What needs to be done: The pictures are to be left out when the listing below is reproduced word for word.

Data below:
BEGIN
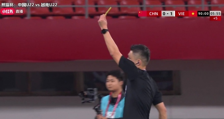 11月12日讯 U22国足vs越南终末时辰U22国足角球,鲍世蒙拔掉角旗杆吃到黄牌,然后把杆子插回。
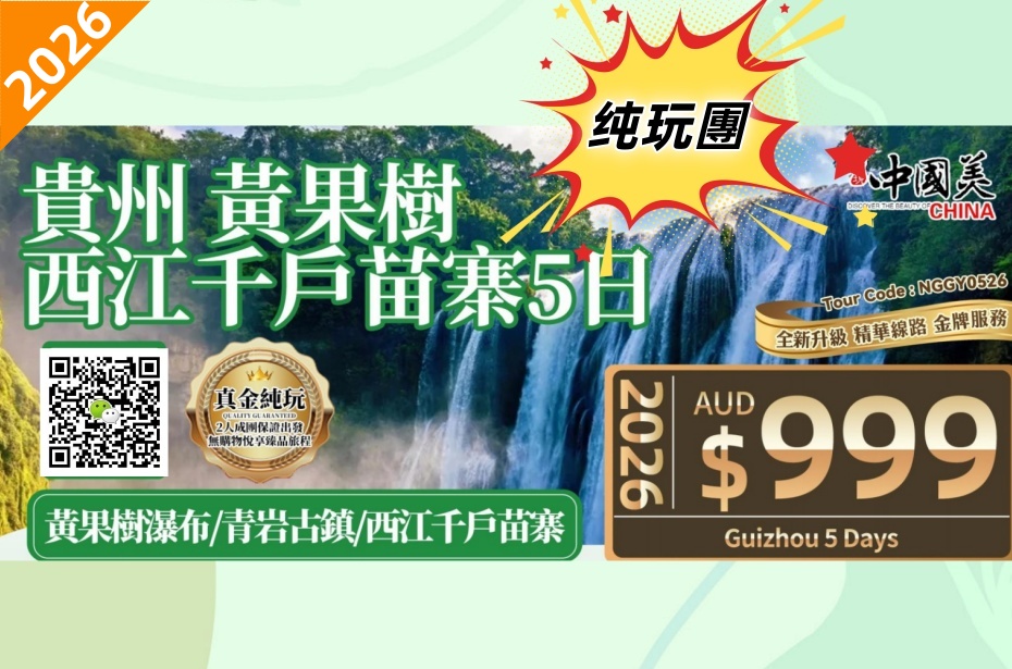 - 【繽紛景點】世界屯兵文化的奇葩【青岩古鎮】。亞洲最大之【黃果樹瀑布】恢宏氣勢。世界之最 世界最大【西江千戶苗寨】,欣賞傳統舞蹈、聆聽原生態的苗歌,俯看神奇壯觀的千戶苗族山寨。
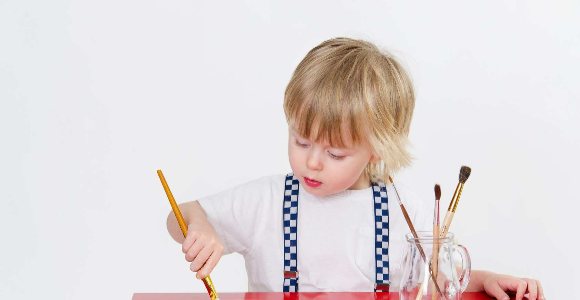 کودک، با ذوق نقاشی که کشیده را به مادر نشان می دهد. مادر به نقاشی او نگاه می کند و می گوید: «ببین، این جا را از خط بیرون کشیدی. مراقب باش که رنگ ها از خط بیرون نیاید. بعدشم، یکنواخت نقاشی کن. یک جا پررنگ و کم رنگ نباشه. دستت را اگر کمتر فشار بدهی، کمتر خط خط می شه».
END
Exercise response:
 11月12日讯 U22国足vs越南终末时辰U22国足角球,鲍世蒙拔掉角旗杆吃到黄牌,然后把杆子插回。
 - 【繽紛景點】世界屯兵文化的奇葩【青岩古鎮】。亞洲最大之【黃果樹瀑布】恢宏氣勢。世界之最 世界最大【西江千戶苗寨】,欣賞傳統舞蹈、聆聽原生態的苗歌,俯看神奇壯觀的千戶苗族山寨。
 کودک، با ذوق نقاشی که کشیده را به مادر نشان می دهد. مادر به نقاشی او نگاه می کند و می گوید: «ببین، این جا را از خط بیرون کشیدی. مراقب باش که رنگ ها از خط بیرون نیاید. بعدشم، یکنواخت نقاشی کن. یک جا پررنگ و کم رنگ نباشه. دستت را اگر کمتر فشار بدهی، کمتر خط خط می شه».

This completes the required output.